<<<<
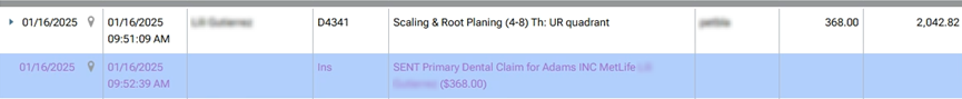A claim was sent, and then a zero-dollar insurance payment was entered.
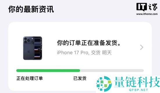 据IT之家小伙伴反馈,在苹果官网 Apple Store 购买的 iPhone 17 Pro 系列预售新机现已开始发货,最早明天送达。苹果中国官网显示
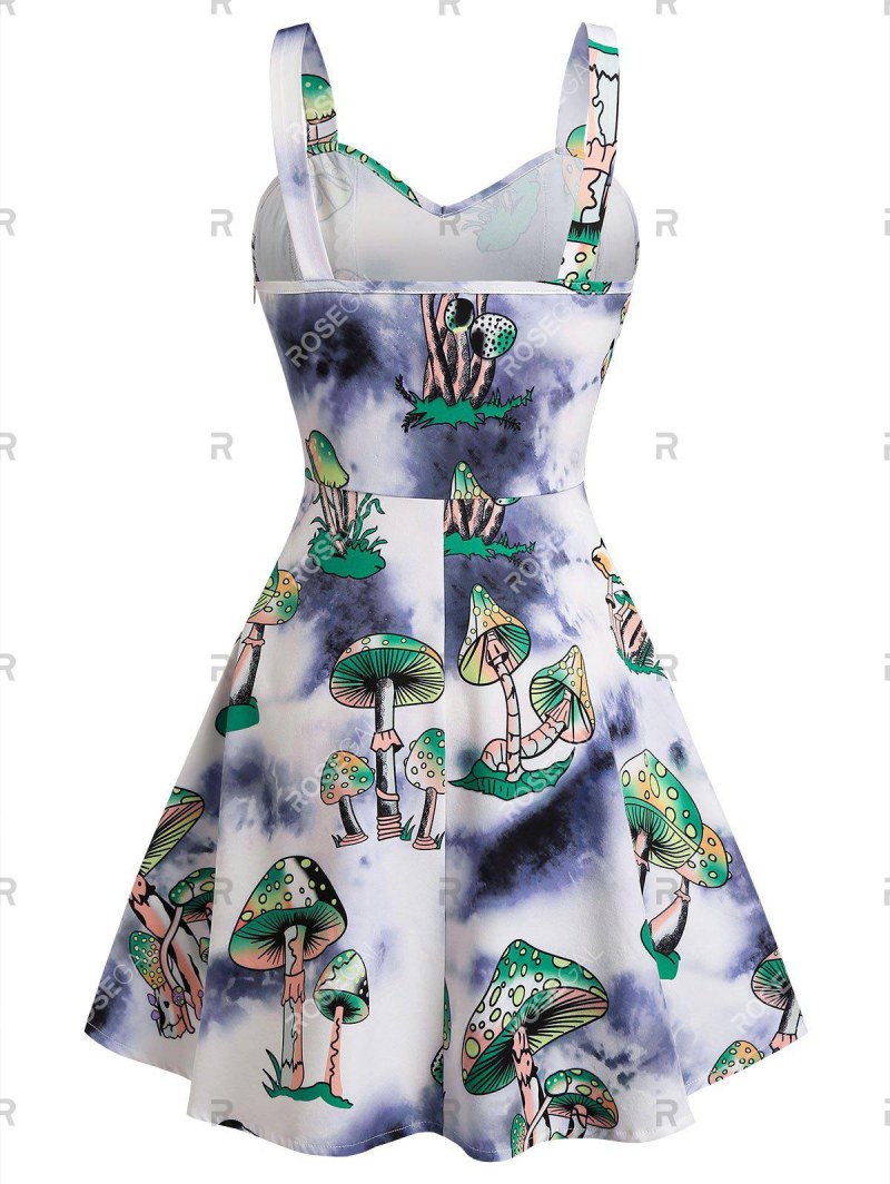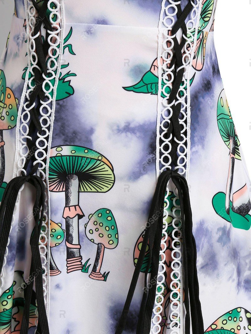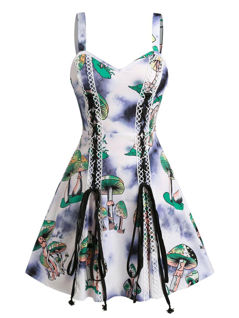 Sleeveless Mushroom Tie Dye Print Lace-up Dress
>>>>
<<<<
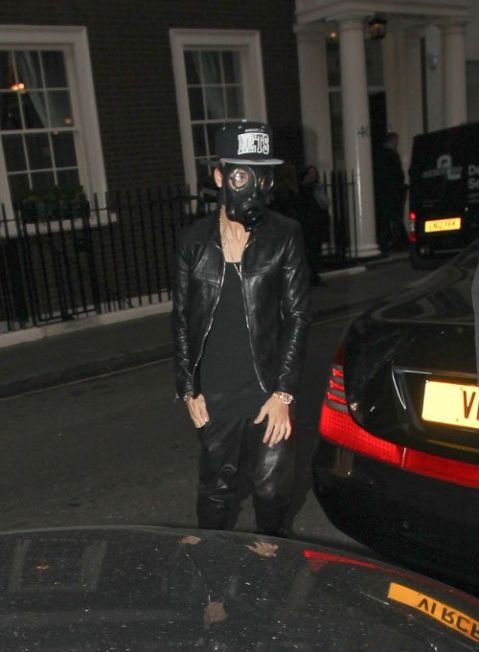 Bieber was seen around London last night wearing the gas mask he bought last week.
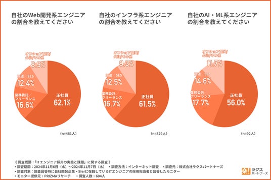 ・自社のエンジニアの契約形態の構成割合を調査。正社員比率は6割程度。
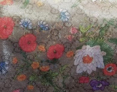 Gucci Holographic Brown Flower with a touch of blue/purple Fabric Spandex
>>>>
→ **Work required**
Go back to the listing above and reproduce, exactly, the stretch from the line bearing "A claim was" through the line bearing "Sleeveless Mushroom Tie", without its pictures.

→ **Problem solution**
A claim was sent, and then a zero-dollar insurance payment was entered.
 据IT之家小伙伴反馈,在苹果官网 Apple Store 购买的 iPhone 17 Pro 系列预售新机现已开始发货,最早明天送达。苹果中国官网显示
 Sleeveless Mushroom Tie Dye Print Lace-up Dress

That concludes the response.